Литмир - Электронная Библиотека

– Не хнычь, старый, раньше времени. Будет у тебя телевизор цветной, и дача в Подмосковье, и на Кипр отвезут… Ваше время идет! Не дрейфь. Главное, сиди и не дергайся, раз не при делах. А то мотанешь еще с перепугу, в бега ударишься, тогда точно припасут – хрен открутишься…

Наскоро одевшись и поправляя на ходу форменный галстук, Самохин вышел к нетерпеливо поджидавшей его проводнице, которая боязливо указала пальцем в просвет приоткрытой двери одного из купе:

– Там они…

Майор шагнул решительно внутрь, огляделся. Справа от него, на нижней полке, раскинув руки и свесив ноги до пола, наискось лежал чернявый. Куртка зоновского пошива была распахнута на груди, и на белой майке, как раз в области сердца, расплылось кровяное пятно. По тому, что в такой неудобной позе, вывернув неестественно голову, не смог бы лежать даже вусмерть пьяный, Самохин понял, что врач здесь действительно не нужен.
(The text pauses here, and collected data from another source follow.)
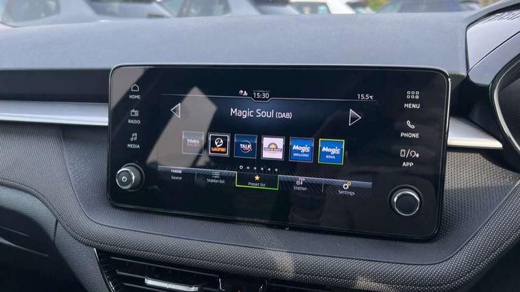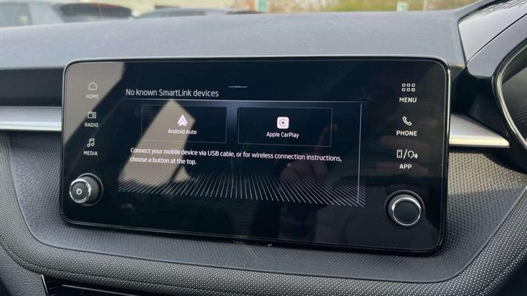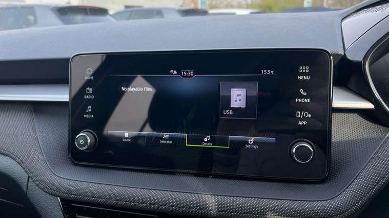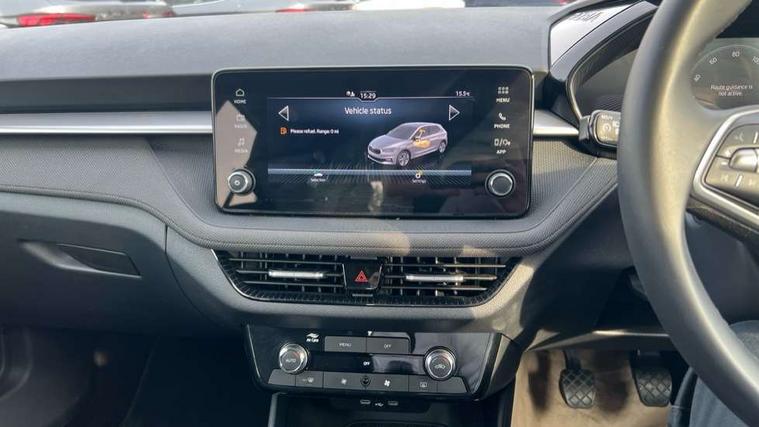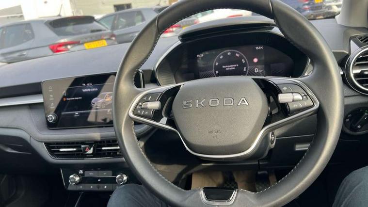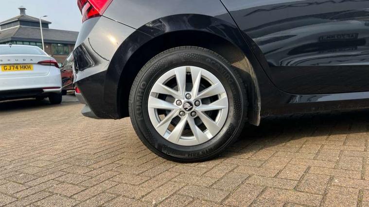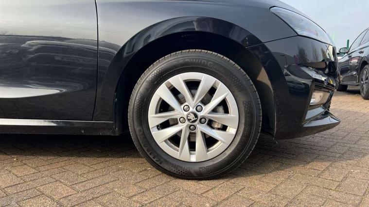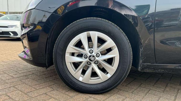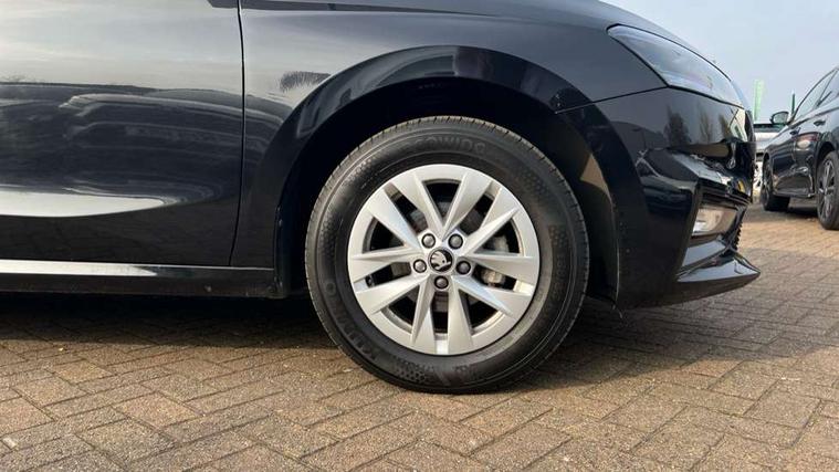 8" Digital instrument display, Advanced driver attention and drowsiness monitor, Bluetooth connection, Electromechanical power steering, Exterior temperature gauge, Service interval indicator, Traffic sign recognition, Wireless SmartLink for Apple CarPlay and Android Auto, 6 Speakers (4 in front and 2 in rear), 8.25" Skoda infotainment touchscreen display, Auxiliary socket for external MP3 player, DAB digital radio reception, Auto dimming rear view mirror, Body colour door mirrors, Body coloured bumpers, Door mirror integrated indicators, Front and rear electric windows, Front window wiper intermittent control, Headlight range control - Automatic, Ice scraper in fuel cap, LED 3rd brake light, LED daytime running lights with coming and leaving home feature, LED rear lights, Rear LED fog light, Rear side wing doors, Rear window wiper with washing nozzles, Roof mounted spoiler, SKODA tailgate lettering in chrome, Unique dark chrome design logo on alloy wheels, 2 reading lights in front and 2 reading lights in rear, 3 rear headrests, Backrest split and folding, Central console with removable cup holder and storage box, Chrome handbrake release button, Dual zone air conditioning with climatronic electronic control, Fabric upholstery, Front centre armrest, Gearshift knob/handle in leather, Grain satin black interior door handles, Hand brake lever handle in leather, Height adjustable front headrests, Height adjustable front seats, Height adjustable steering wheel, ISOFIX and TopTether anchorage points to the outer rear seats, ISOFIX and TopTether on the front passenger seat, Luggage compartment lighting, Manually adjustable lumbar support in front seats, Pollen filter, Rear seat bench unsplit, Single front passenger seat, Skoda lettering on steering wheel, Storm grey headlining, Sun visors with mirror and airbag label on passenger side, Textile floor mats, Ticket holder, Umbrella in drivers door, 3-point height adjustable front seats belts with pretensioner and force limiter, Automatic warning lights in case of crash, Driver and passengers airbag with switch off function, e-Call+, ESC including ABS, MSR, ASR, EDS, HBA and XDS, Front and rear seat belt warning, FRONT ASSIST (AEB City and AEB Inter Urban), Front side airbags, Head airbags, One tone horn, Pedestrian protection, Three rear 3-points safety seat belts with pretensioner and force limiter including stop function for outer rear seat belts, Tyre pressure monitoring system, Anti-theft alarm system including immobiliser, interior monitoring, backup horn, and towing protection, Central locking with radio remote control, interior controls, SAFE function and 2 foldable keys, Black painted air vents, Grain satin black central console cover, Metallic grey upper decorative trim, Satin black door and side trim panel in front, Textile Kota grey lower decorative inserts, Anti-theft wheel bolts protection, Super-low rolling resistance tyres,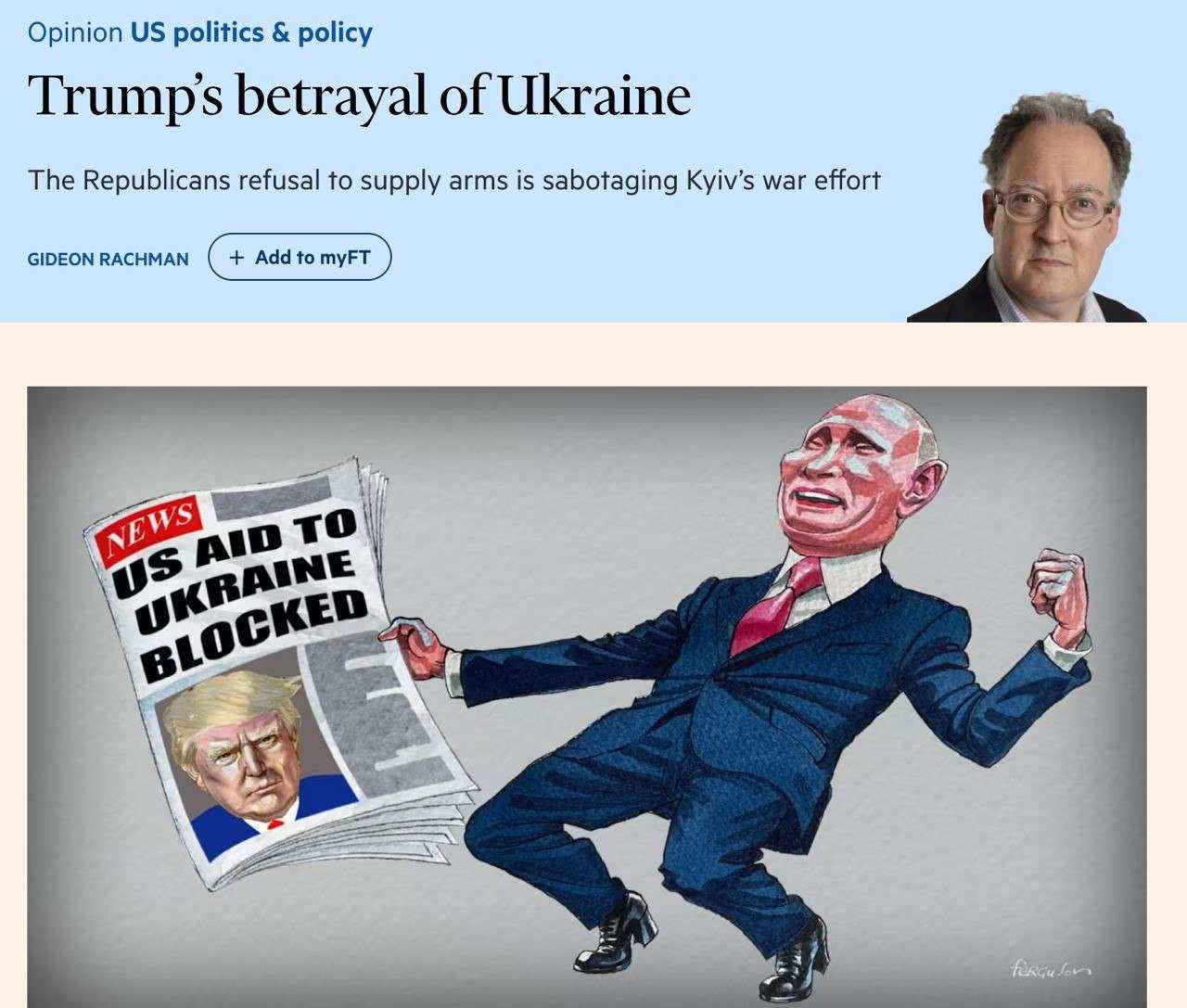 Выделение американской помощи Украине в этом году «становится все менее вероятным» из-за Трампа, пишет журналист Гидеон Рахман в Financial Times.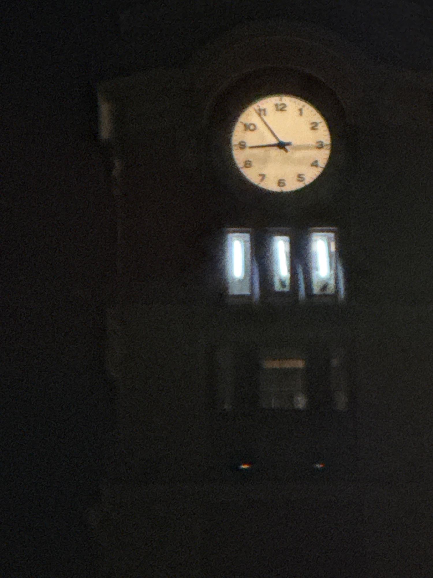 The image shows a dimly lit exterior scene at night. On the left, there is a round clock with a light-colored face and black numerals, showing the time around 8:18. To the right of the clock, there is…read more
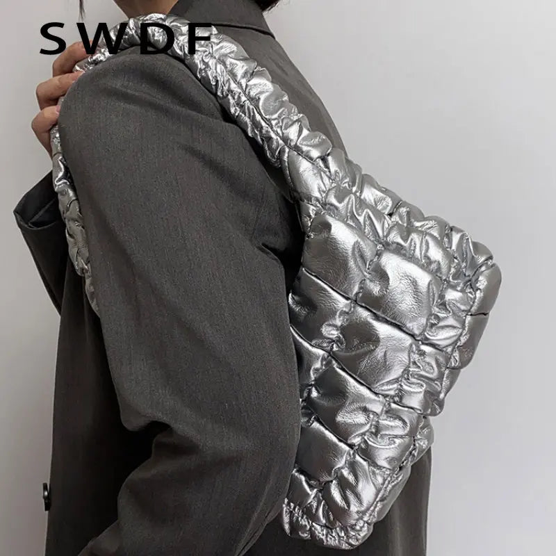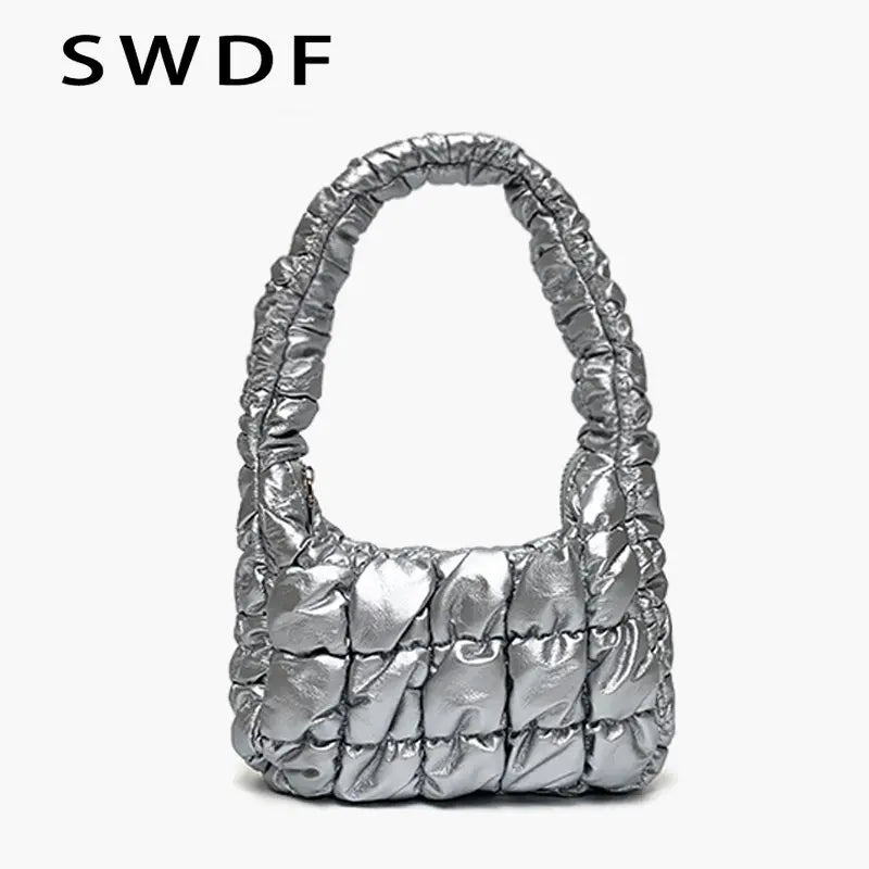 Quilted Shoulder Bag Padded Lady Handbags PU Leather Small Tote Casual Purse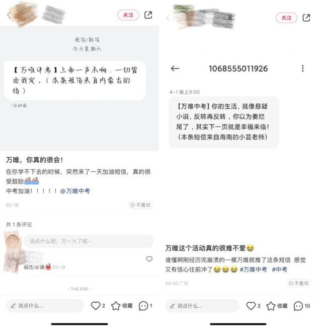 为帮助中考生做好考前心理调整,平衡心态、缓解压力,同时给他们加油鼓劲,从考前100天开始,万唯每周给志愿报名的学生发送加油短信,鼓励他们坚韧、积极、自信地备考。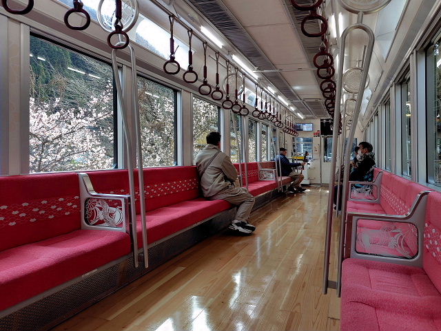 いままでは喫茶KANOでお茶してから長徳寺(出町柳)のおかめ桜見物のコースだったんだが、最近はこのカフェの人気が高まり開店同時で窓側席が埋まる(または予約されている)ようになってきているので今年はカフェをスキップした。山に入る時は忙しないから桜の時にでもしよう。出だしのカフェを省くと時間調整が楽になる。でもあんまり早いと陽の当たりが悪いし、遅いと山から下りる時間が心配だし……両方を秤に掛けると出町柳8時頃が一番イイかな。淀屋橋発7時の特急をネット予約。これだと出町に着くのが8時前。桜見物して8時18分発八瀬行の電車に間に合う。弁当を買う時間もあるし。ネットではほぼ満席になっていたのに特急に乗ってみるとガラガラ。キャンセルも多いんだろう。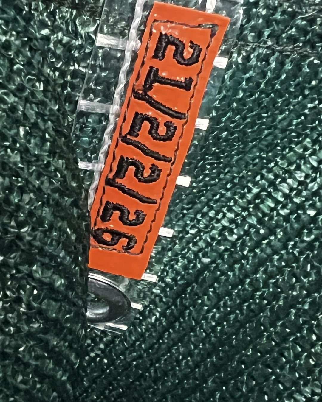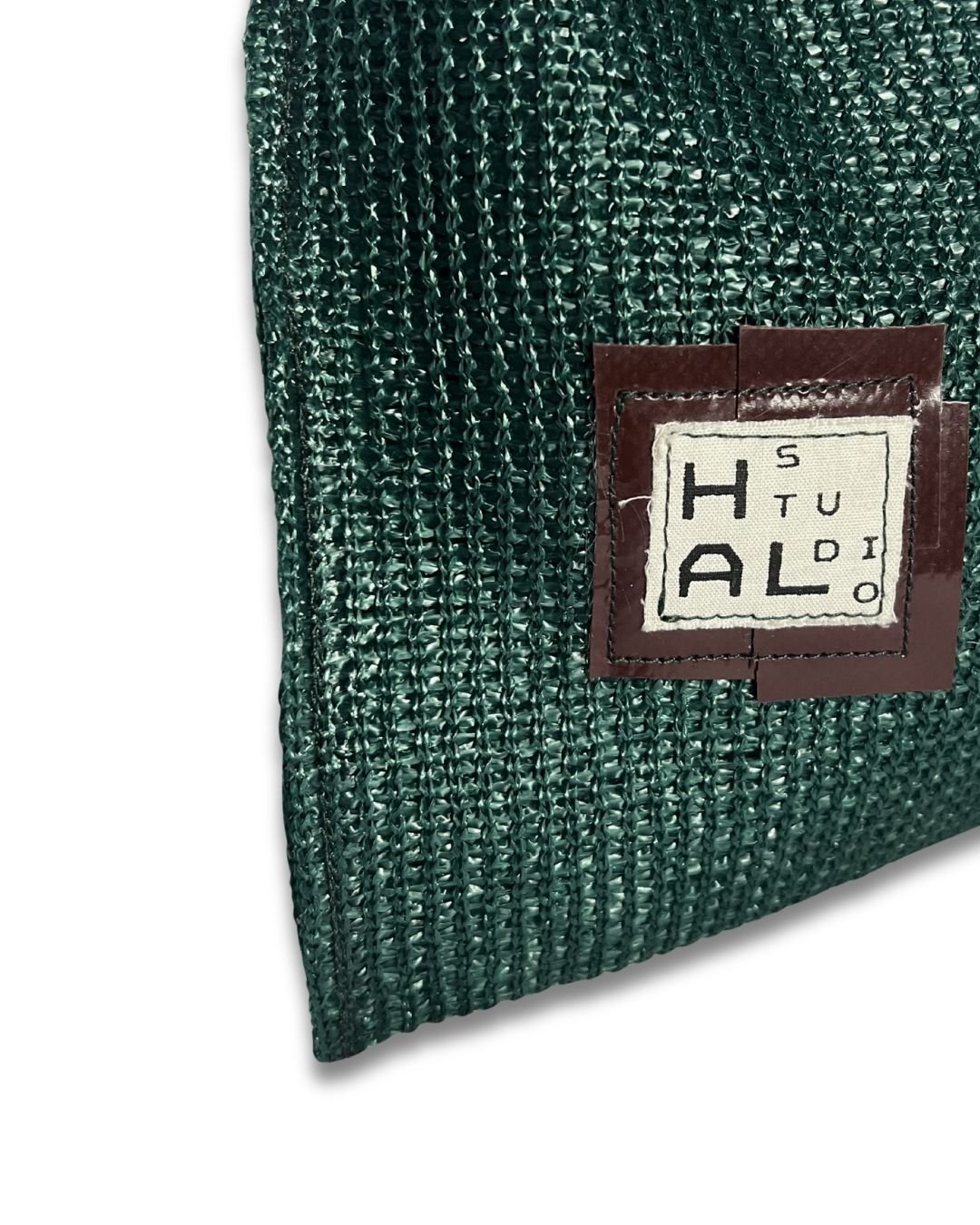 Çanta etiketi, yine atık kumaşlar üzerine serigraf baskı yöntemiyle üretilir ve Hal Studio’nun üretim sürecinde ortaya çıkan branda artıkları üzerine dikilerek tamamlanır.

Разве что судмедэксперт…

Старший лейтенант в мятой парадной рубашке сидел напротив, по детски послушно сложив крупные, жилистые кисти рук на коленях. От щеголеватой военной выправки не осталось и следа. Брюки будто изжеваны, а синий китель с золотыми погонами валялся на истоптанном полу. Только остроносые ботинки десантника сияли по-прежнему странным и вызывающим антрацитовым блеском среди растоптанных окурков, пустых бутылок и обрывков газет.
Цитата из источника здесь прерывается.